**What is expected**
Answer with the exact lines of the following material from the one containing "SixBar是一個懷舊經典狀態欄的插件,它可以將iOS 7和iOS 8的狀態欄修改成iOS" through the one containing "庫布其沙漠中的一條穿沙公路,兩旁綠意盎然", both end lines included.

**Supplied entries**
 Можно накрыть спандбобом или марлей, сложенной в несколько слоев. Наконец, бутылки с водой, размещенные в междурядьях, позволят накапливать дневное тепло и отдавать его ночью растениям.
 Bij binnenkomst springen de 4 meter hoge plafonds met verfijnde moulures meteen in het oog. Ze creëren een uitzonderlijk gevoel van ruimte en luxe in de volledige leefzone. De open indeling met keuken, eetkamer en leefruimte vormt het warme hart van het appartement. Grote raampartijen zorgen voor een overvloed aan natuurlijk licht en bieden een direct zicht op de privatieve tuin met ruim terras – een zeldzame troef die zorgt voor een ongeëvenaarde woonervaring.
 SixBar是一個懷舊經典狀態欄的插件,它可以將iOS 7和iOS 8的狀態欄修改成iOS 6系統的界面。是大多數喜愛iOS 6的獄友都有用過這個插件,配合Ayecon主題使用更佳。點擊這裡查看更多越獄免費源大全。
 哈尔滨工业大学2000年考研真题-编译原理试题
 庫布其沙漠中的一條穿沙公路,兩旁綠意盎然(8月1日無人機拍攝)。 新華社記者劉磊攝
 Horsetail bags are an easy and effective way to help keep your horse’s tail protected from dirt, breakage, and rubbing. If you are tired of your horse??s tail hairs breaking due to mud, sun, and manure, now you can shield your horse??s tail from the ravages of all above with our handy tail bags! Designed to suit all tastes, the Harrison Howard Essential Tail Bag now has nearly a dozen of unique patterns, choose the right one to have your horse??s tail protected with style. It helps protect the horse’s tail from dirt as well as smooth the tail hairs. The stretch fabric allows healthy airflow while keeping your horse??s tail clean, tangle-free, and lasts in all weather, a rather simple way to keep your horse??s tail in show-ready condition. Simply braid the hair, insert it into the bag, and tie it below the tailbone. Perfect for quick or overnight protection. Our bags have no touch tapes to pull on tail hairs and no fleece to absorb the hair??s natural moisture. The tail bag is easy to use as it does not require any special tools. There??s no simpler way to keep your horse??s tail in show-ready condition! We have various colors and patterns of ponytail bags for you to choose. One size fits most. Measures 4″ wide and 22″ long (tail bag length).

**Output for this exercise**
 SixBar是一個懷舊經典狀態欄的插件,它可以將iOS 7和iOS 8的狀態欄修改成iOS 6系統的界面。是大多數喜愛iOS 6的獄友都有用過這個插件,配合Ayecon主題使用更佳。點擊這裡查看更多越獄免費源大全。
 哈尔滨工业大学2000年考研真题-编译原理试题
 庫布其沙漠中的一條穿沙公路,兩旁綠意盎然(8月1日無人機拍攝)。 新華社記者劉磊攝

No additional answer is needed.